Your goal: Word for word, repeat the lines of the records from the first line up to and including the line that contains "店内はピンク・グレー・ホワイ", passing over any pictures.

Provided data:
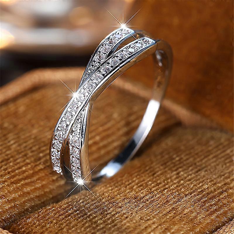 Minimalist Stacking Crossed Wedding Bands Black Gold Silver Color Blue Red Green Stone White Zircon Thin Rings For Women Jewelry
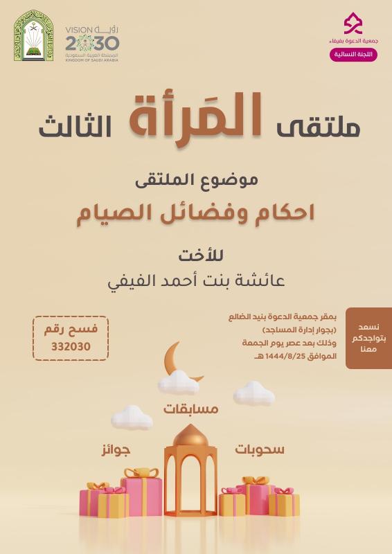 يسر القسم النسائي بجمعية الدعوة في فيفاء دعوتكم لحضور ملتقى المرأة الثالث بمقر الجمعية بنيد الضالع
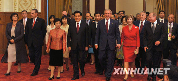 資料圖片 8月8日,中國國家主席胡錦濤和夫人劉永清為出席北京奧運會的貴賓舉行歡迎宴會。這是賓主步入宴會廳。(新華社記者樊如鈞攝)
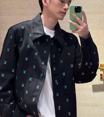 • [홍콩명품.LOUIS VUITTON] 루이비통 25SS 로고 자수 카라 데님 자켓 (블랙), BM22115, JU, 레플리카의류,미러급사이트
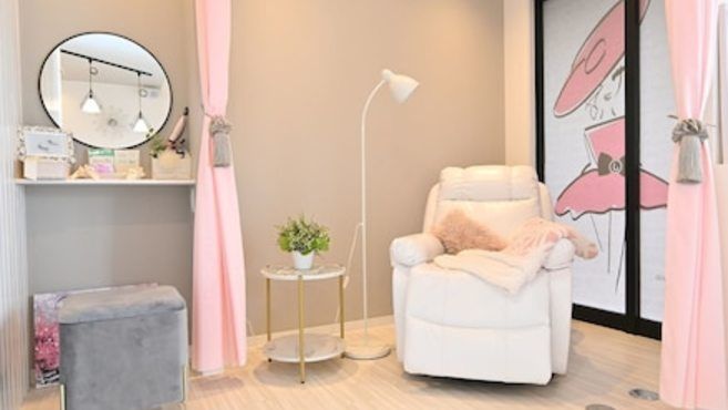 店内はピンク・グレー・ホワイトを基調にした内装。内装・備品等にもこだわりのある店内。
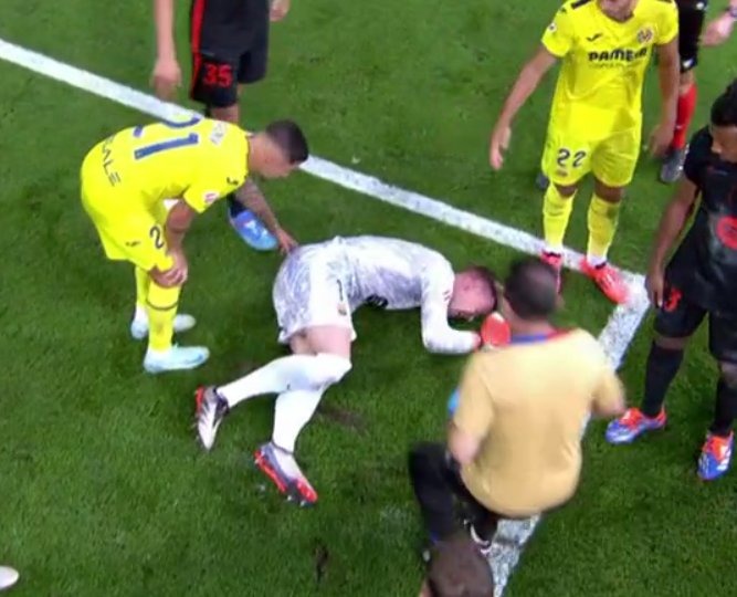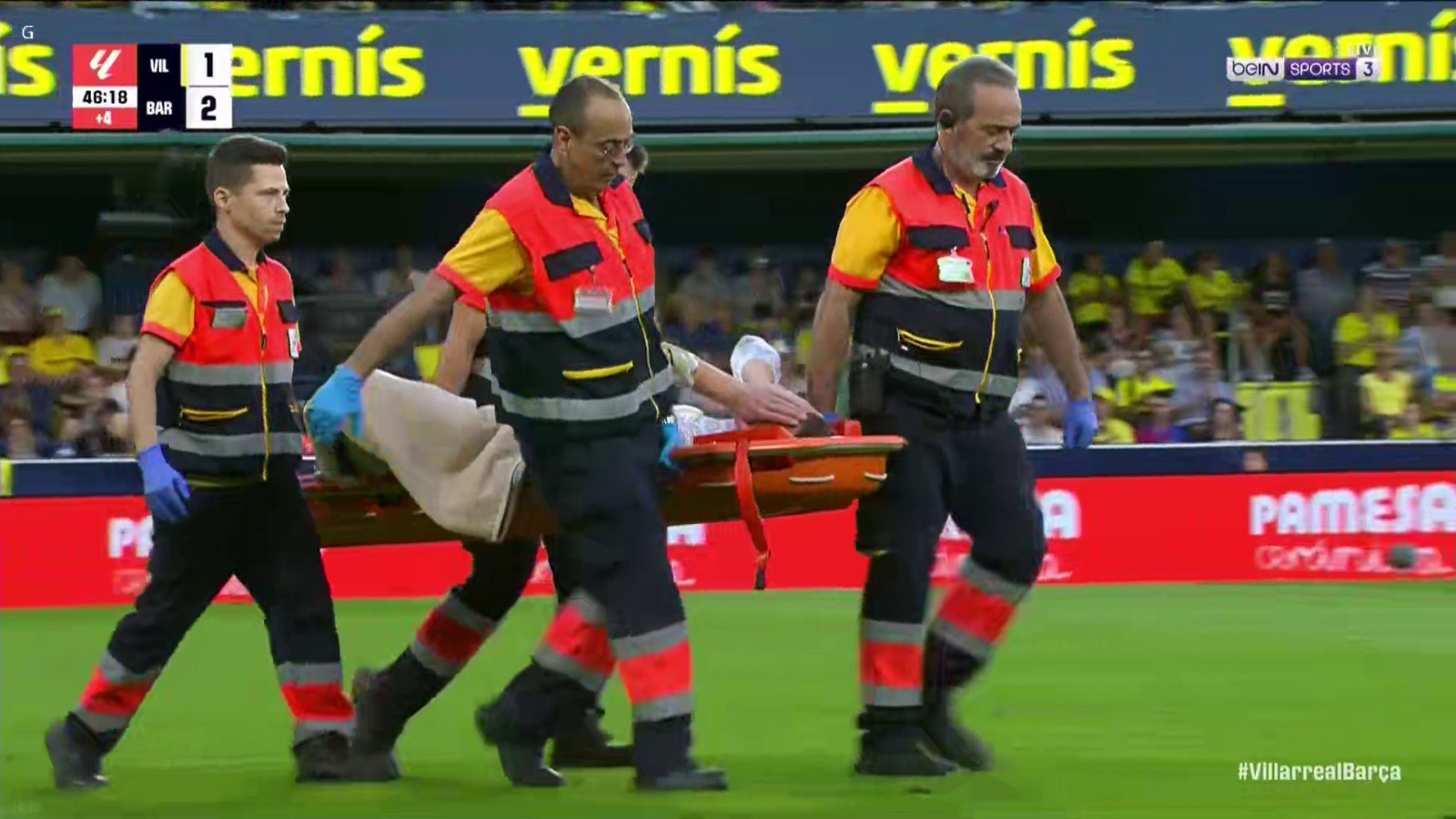 وسقط تير شتيجن على أرضية ملعب لا سيراميكا عقب تعرضه لإصابة في ركبته اليمنى، وخرج على إثرها من الملعب على نقالة وهو يبكي.
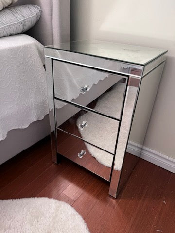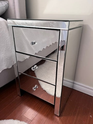 3 Drawer Mirrored Side Table.
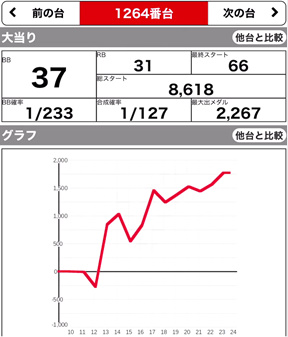 | 1264 💮 | マイジャグ | 9400G | +1800 | 106.1% | 37:31 1/127 |
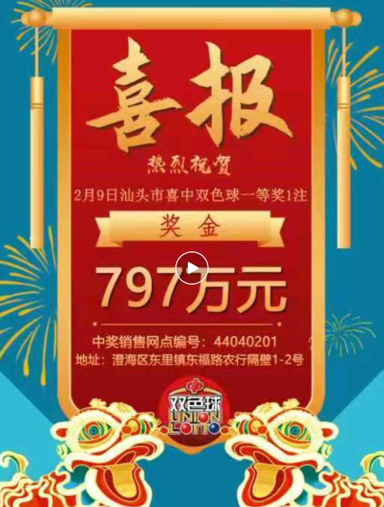 在2月9日,汕头市迎来了振奋人心的好消息,一位幸运彩民凭借一张双色球彩票,幸运中得一等奖!这注一等奖的奖金高达797万元,实在令人惊叹。
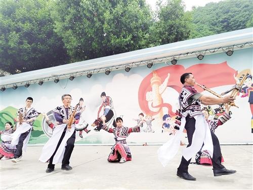 永善县马楠苗族彝族乡文化干部朱显光(左二)带领队员们表演芦笙舞。
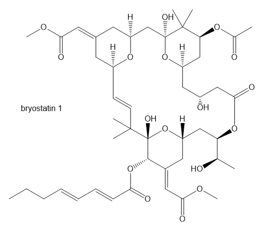 One of the crowning achievements of natural products synthesis was Bryostatin 1, published by Professor Gary Keck (University of Utah; Journal of the American Chemical Society,2011, 133, 744-747). The Bryostatins are a family of compounds isolated from aquatic invertebrates known as Bryozoans. The compounds are of interest for a variety of biological effects, including anti-cancer activity and reversing brain damage in rodents.
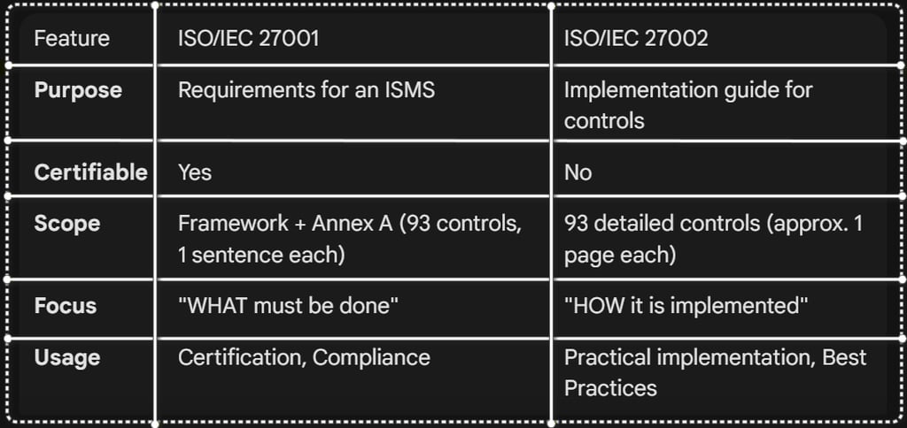 Both standards are used together: ISO/IEC 27001 provides the structure, while ISO/IEC 27002 provides the details.
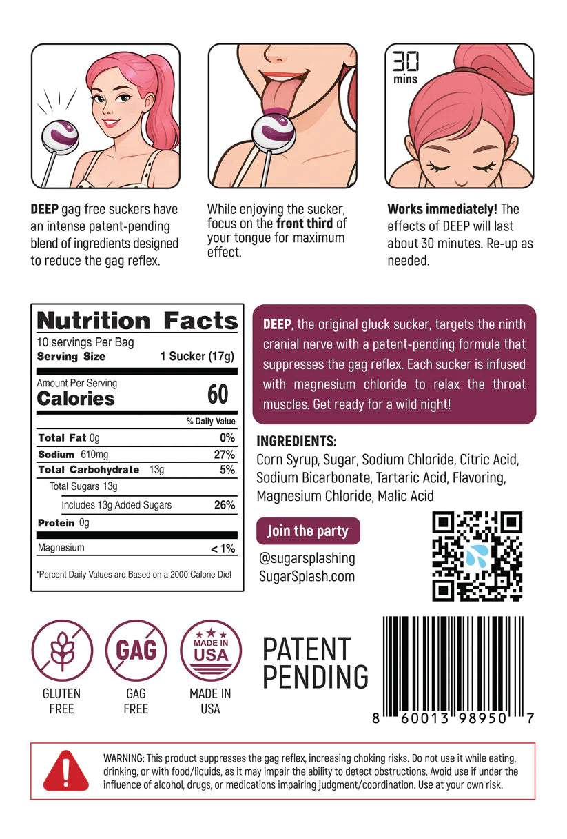 DEEP, the original “gluck sucker”, targets the ninth cranial nerve with a patent-pending formula that suppresses the gag reflex. Each sucker is also infused with magnesium chloride to relax the throat muscles. DEEP suckers work immediately! The effects will last about 30 minutes. Re-up as needed. Tangy, salty and sweet!
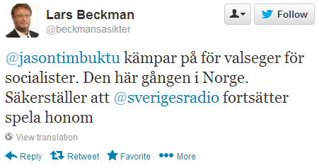 Lars Beckman‏ @beckmansasikter 5 Nov 2013
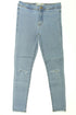 Taille ajustable, fermeture éclair et bouton, 2 poches, troué aux genoux, chevilles effrangées, coupe skinny.
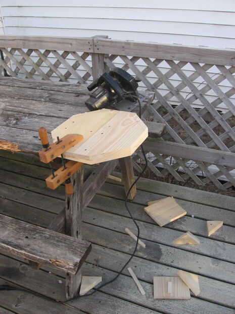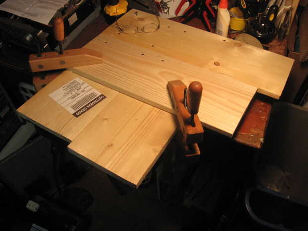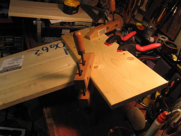 5. abrazadera. Usé un surtido de abrazaderas (sorpresa) y un montón de 11/4" placa de yeso tornillos. Si usted es inteligente, habrá planeado para que este lado a la parte inferior cuando termines.

Problem solution:
 Minimalist Stacking Crossed Wedding Bands Black Gold Silver Color Blue Red Green Stone White Zircon Thin Rings For Women Jewelry
 يسر القسم النسائي بجمعية الدعوة في فيفاء دعوتكم لحضور ملتقى المرأة الثالث بمقر الجمعية بنيد الضالع
 資料圖片 8月8日,中國國家主席胡錦濤和夫人劉永清為出席北京奧運會的貴賓舉行歡迎宴會。這是賓主步入宴會廳。(新華社記者樊如鈞攝)
 • [홍콩명품.LOUIS VUITTON] 루이비통 25SS 로고 자수 카라 데님 자켓 (블랙), BM22115, JU, 레플리카의류,미러급사이트
 店内はピンク・グレー・ホワイトを基調にした内装。内装・備品等にもこだわりのある店内。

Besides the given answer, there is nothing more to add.